Firefox has a rich clipboard API in the XUL platform itself via the nsIClipboard interface. It has everything we could possibly need, and we can implement copy
and paste
easily:
copy: function(copytext) {
try {
if (netscape.security.PrivilegeManager.enablePrivilege) {
netscape.security.PrivilegeManager.enablePrivilege("UniversalXPConnect");
} else {
clipdata = copytext;
return;
}
} catch (ex) {
clipdata = copytext;
return;
}
var str = Components.classes["@mozilla.org/supports-string;1"].
createInstance(Components.interfaces.nsISupportsString);
str.data = copytext;
var trans = Components.classes["@mozilla.org/widget/transferable;1"].
createInstance(Components.interfaces.nsITransferable);
if (!trans) return false;
trans.addDataFlavor("text/unicode");
trans.setTransferData("text/unicode", str, copytext.length * 2);
var clipid = Components.interfaces.nsIClipboard;
var clip = Components.classes["@mozilla.org/widget/clipboard;1"].getService(clipid);
if (!clip) return false;
clip.setData(trans, null, clipid.kGlobalClipboard);
},
data: function() {
try {
if (netscape.security.PrivilegeManager.enablePrivilege) {
netscape.security.PrivilegeManager.enablePrivilege("UniversalXPConnect");
} else {
return clipdata;
}
} catch (ex) {
return clipdata;
}
var clip = Components.classes["@mozilla.org/widget/clipboard;1"].getService(Components.interfaces.nsIClipboard);
if (!clip) return false;
var trans = Components.classes["@mozilla.org/widget/transferable;1"].createInstance(Components.interfaces.nsITransferable);
if (!trans) return false;
trans.addDataFlavor("text/unicode");
clip.getData(trans, clip.kGlobalClipboard);
var str = new Object();
var strLength = new Object();
var pastetext = "";
trans.getTransferData("text/unicode", str, strLength);
if (str) str = str.value.QueryInterface(Components.interfaces.nsISupportsString);
if (str) pastetext = str.data.substring(0, strLength.value / 2);
return pastetext;
}
Verbose isn’t it? Hardly the most succinct API ever for the common case, but it does the trick. Or does it.
You can see the real problem here:
try {
if (netscape.security.PrivilegeManager.enablePrivilege) {
netscape.security.PrivilegeManager.enablePrivilege("UniversalXPConnect");
} else {
clipdata = copytext;
return;
}
} catch (ex) {
clipdata = copytext;
return;
}
For security, we have to ask the user to give us permission to use copy and paste. You get one of those ugly dialogues, and the user will be asked repeatedly for each session.

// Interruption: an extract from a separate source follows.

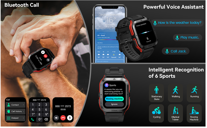 • ⌚IndustryLeading dual smart chip - ① AI Voice Assistant & Make Calls: A very handy tool built in the watch. Use your voice to give instructions and the voice assistant will do the rest. You can ask questions, play your desired music, and check weather, set alarms and timers. You can also make voice calls through the voice assistant, makes the scenes that are inconvenient to hold a mobile phone in daily exercise and life more concise and smart. ② Intelligent sports recognition: features BioTracker PPG optical sensor and the advanced AI algorithm,M2 enables smart recognition of 6 sports. The system can automatically sense current sports status without entering Sports Modes manually.

Not only is this a pretty poor user experience, but we can’t even get this far. When we ask for the priviledge, depending on the users settings, changes are that you will never actually get asked to grant them. You have to sign JavaScript and the like to even get close. This is pretty crazy. I don’t even get a CHANCE to ask the user for extended privileges (unless you get users to do magic like: user_pref("signed.applets.codebase_principal_support", true);
). Here is where the cliff of the Web platform raises its ugly head. We need to fix this!
Time to get subtle here. Our use case isn’t about being able to sneakily get access to the clipboard without the user knowing. All we want it to actually get access based on the user doing something. When they Cmd/Ctrl C, X, or V. When they click on a copy button, then do the action. This is very different than getting access to the clipboard at any time.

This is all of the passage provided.